Parents will have access to up to 100 diapers per month at no cost until the child turns 2 years old. Infants typically use hundreds of diapers a month. The children need to be covered under TennCare or CoverKids to access the benefit.

Tennessee state lawmakers granted $30m in funding for the program during last year’s legislative session. The initiative was originally introduced by Republican Governor Bill Lee as a “pro-life” and “pro-family” policy to allocate part of $330m in savings from the state’s Medicaid block grant funding structure.

Tennessee to become first state to provide free diapers to qualifying families (Mohammed Abed/AFP via Getty Images)

In a statement to the Tennessean, Mr Lee said, “Strong families are central to strong communities, and Tennessee is leading the nation in prioritizing resources for families in need.
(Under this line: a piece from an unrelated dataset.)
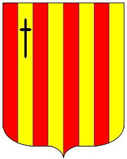 (HR) Četiri para okomitih greda crveno-zlatne, na prvoj zlatnoj gredi crni križ. [1/26]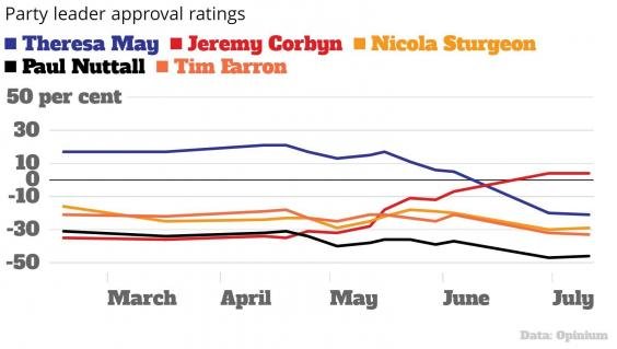 Исследование показало, что рейтинг Мэй продолжает снижаться на фоне роста популярности лидера лейбористов Джереми Корбина. Так, работу Мэй одобряют 30% британцев, а не одобряют - 51%, в то время как те же показатели в Корбина составляют 41% и 37% соответственно.

We are the first state in the nation to cover the cost of diapers for mothers in the first two years of a child’s life and we hope this is a model for others.”

TennCare said it is now focused on finalizing the key details of the benefit and will provide further information on how to obtain diapers when they become available in August.

According to the Nashville Diaper Connection, a non-profit that supplies diapers to needy families in the city, babies born into poverty could spend a day or more in one diaper. Sitting in the same diaper can cause infections such as a rash, fever, blisters and boils.

Currently no federal program offers diaper assistance, even though parents should estimate to spend close to $1,000 on the product annually. Most daycare centers will turn away parents if they can’t supply a day’s worth of diapers, perpetuating a cycle of financial insecurity.